Before looking into gene patterns, I thought I should go one step back and look at the distribution of DML in chromosomes. I created a barplot showing how many DML were found in each chromosome. I wanted to see if this tracked the number of genes in each chromosome, so I spent some (re: maybe too much) time learning how to add a second y-axis to a plot. I saved some useful code here. Essentially, I needed to save my original barplot as a new object, then add the second plot on top.
Figure 5. Barplot with number of DML and number of genes for each chromosome.
The interesting thing about this plot is that the number of DML track the number of genes, which lends evidence to our idea that DML influence gene activity! While it isn’t in this plot, the chromosome with the most genes is also not the largest chromosome, so it’s not just a chromosome size thing.

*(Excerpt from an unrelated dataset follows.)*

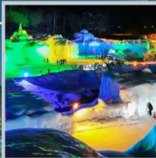
"SOUNKYO ICE FEST"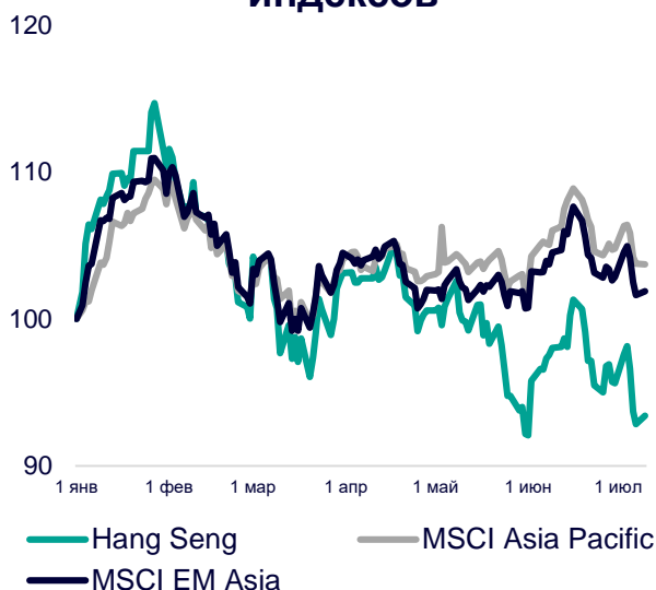
Динамика мировых индексов

Then I dug into the number of DML in genes. The first thing I did was calculate the mean, median, and maximum number of DML in a gene. Most genes had only 1 DML, but there was a gene with 5 DML. For each gene with more than 1 DML, I wanted to see if the DML were all in the same direction (i.e. all hypermethylated vs. all hypomethylated). I found that not all DML went the same direction in the same gene! I created tables with the gene ID, number of DML, DML location, methylation difference, p-value, q-value, and annotation:
In Excel, I collated DML information for each gene, and counted how many DML were hypermethylated vs. hypomethylated:
I combined the chromosome information with the number of genes in each DML to create my pride and glory, a beautiful multipanel plot.
Figure 6. Number of DML in chromosomes, number of DML in genes, and number of DML in genes with more than 1 DML. There is only 1 gene with 5 DML, with 4 hypermethylated DML and 1 hypomethylated DML.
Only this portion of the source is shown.